68 Mo. App. 238 | Mo. Ct. App. | 1897
Defendant is a farmer owning a tract of land- of one hundred and forty acres in St. Charles county, Missouri. He wrote a description of his farm and improvements in a book kept by plaintiff, who is a real estate agent, concluding as follows: “Incumbrance $2,400, at six per cent, runs three years. I agree to pay five per cent for selling.” On the twelfth of July, 1894, plaintiff prepared a contract, which was signed by defendant and a Miss Simpson, stipulating that defendant should furnish a warranty deed for said farm to Miss Simpson, whereupon she would pay to him $5,600 cash. Defendant testified that he was informed by plaintiff, before this contract was signed, that it contained a provision making the proposed sale subject to the mortgage on his farm, and that it provided for the sale of one hundred and forty acres, more or less, so as to cover a defect in the title to four acres; that owing to his deafness he could not hear the contract when plaintiff read it over, but signed it upon plaintiff’s representations as'to its contents; that plaintiff refused to allow the defendant to take the contract for examination. The sale proposed by this contract was not completed, owing to defendant’s inability to remove the incumbrance and protect the title to four acres of the land. There was evidence tending to show that plaintiff knew the sale was to be made subject to the mortgage. He denied that defendant told him of the defective title as to the four acres before the agreement for the sale had been drawn.
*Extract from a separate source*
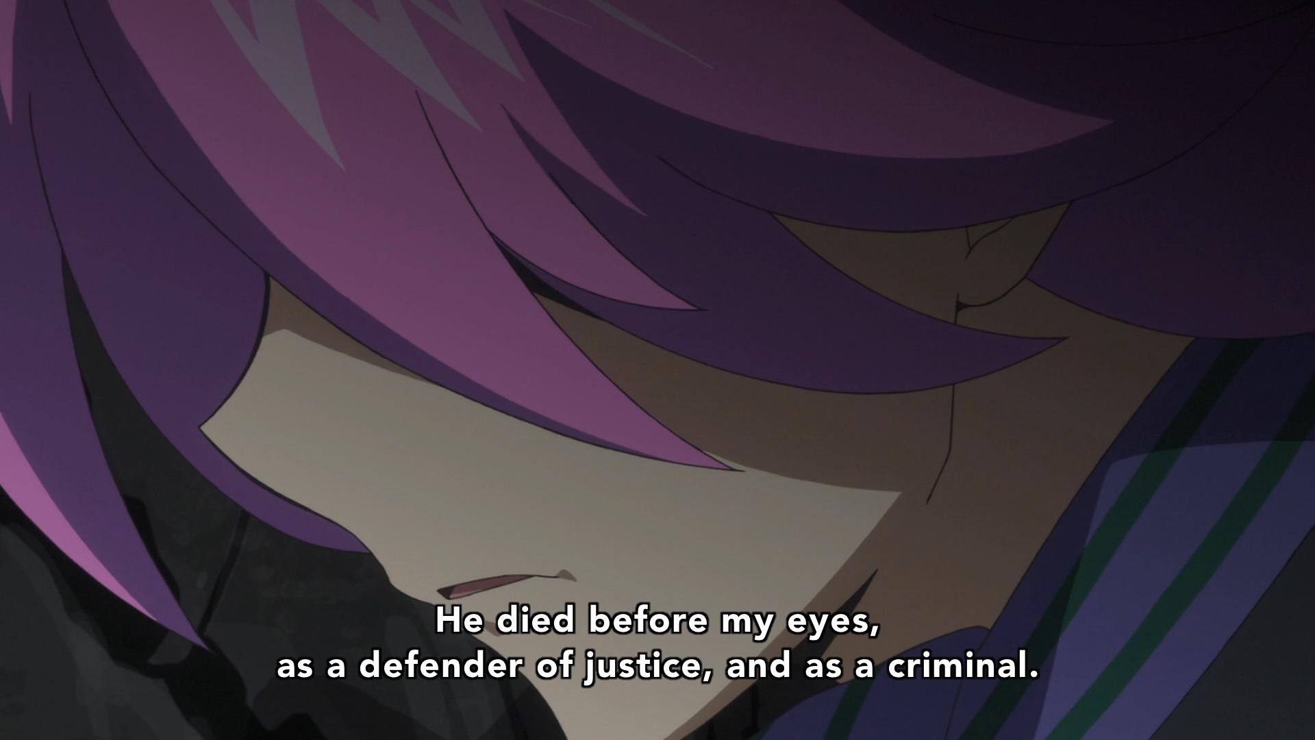Conspiracy? Given the levels of conspiracy we know to be happening in the present, it’s a safe bet. But orchestrated by whom? And what prompted the abductions in the first place? And what, exactly, killed him? This is the kind of detail I worry about being lost in the show’s torrent of happenings. The show seems content for now to ruminate on the nature of morality (which does seem to be the general theme), but this episode seems even less focused than last one. Jiro gives a brief speech about moral ambiguity, but it’s based largely on his understanding of the Rainbow Knight as, well, a defender of justice and as a criminal. The Rainbow Knight may have been a vigilante who identified as an “ally of justice” rather than a direct dispenser of it, but that comes off as simple humility without seeing him do anything definitively evil. While kidnapping isn’t usually a first line of defense, if the Rainbow Knight was up against people willing to defame and kill him to release the kids (and assumedly to further their fascist agenda), I feel like it’s implied to the audience that he still had the moral high ground, which kind of makes Jiro’s speech fall flat.
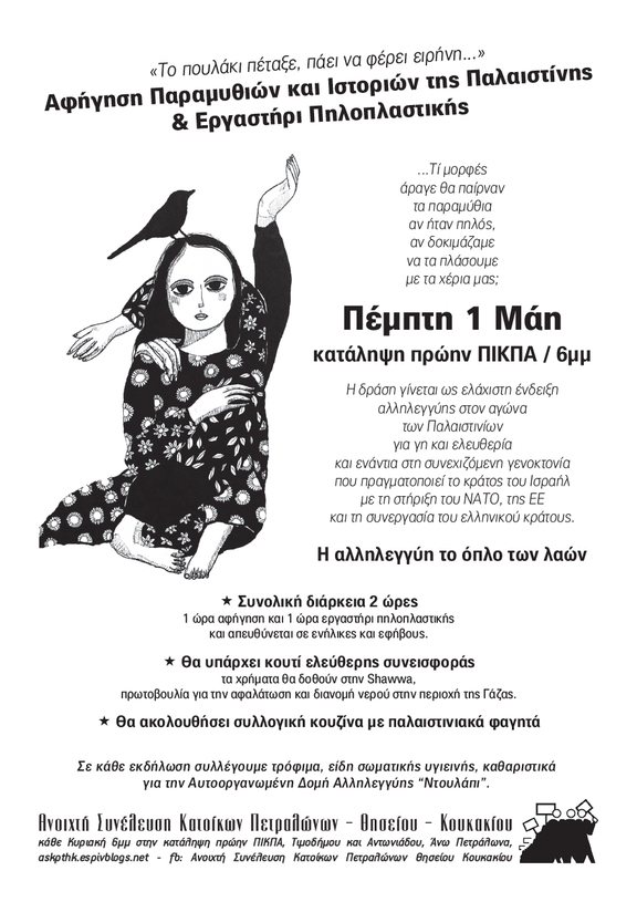 Αφήγηση Παραμυθιών και Ιστοριών της Παλαιστίνης & Εργαστήρι Πηλοπλαστικής / Πέμπτη 1 Μάη / 6μμ / κατάληψη πρώην ΠΙΚΠΑ

Pending the negotiation for completing the executory agreement of July 12, 1894, defendant received a letter from plaintiff dated July 26, 1894, which was written to get defendant to agree to pay plaintiff an excess of $100 over the amount of commissions at five per cent. This letter contained the following passage referring to the defect of title as' to the four acres:
*241 “I wrote Mr. Breaker asking him if the title to the four acres could be fixed up so it would stand - fire, but he don’t seem to answer. One thing certain, if it is not all straight, the man they send up will get on to it. I suppose you know, and if you think it will not show up good, if it will not, how would it be to see the old woman and find if she would as soon drop the four acres, and we take it back at $40 per acre? I would get Miss Taylor to work this. You sign the agreement I sent you and get the letter to me to-morrow, so I can be able to meet with them Saturday. I am satisfied Nichols will bust it up if he can, so we must be fixed for him. Let me know fully in letter to-morrow what you think about the title to the four acres, as I suppose Mr. Breaker knows.
Yours truly,
“S. W. Culp.”
This suit was begun before a justice to recover commissions for the sale of defendant’s farm at the price of $5,600, or $280. The justice rendered judgment for defendant. Upon plaintiff’s appeal to the circuit court, judgment was again given for defendant, from which plaintiff appealed to this court.
Finding no reversible error in the judgment, it will be affirmed.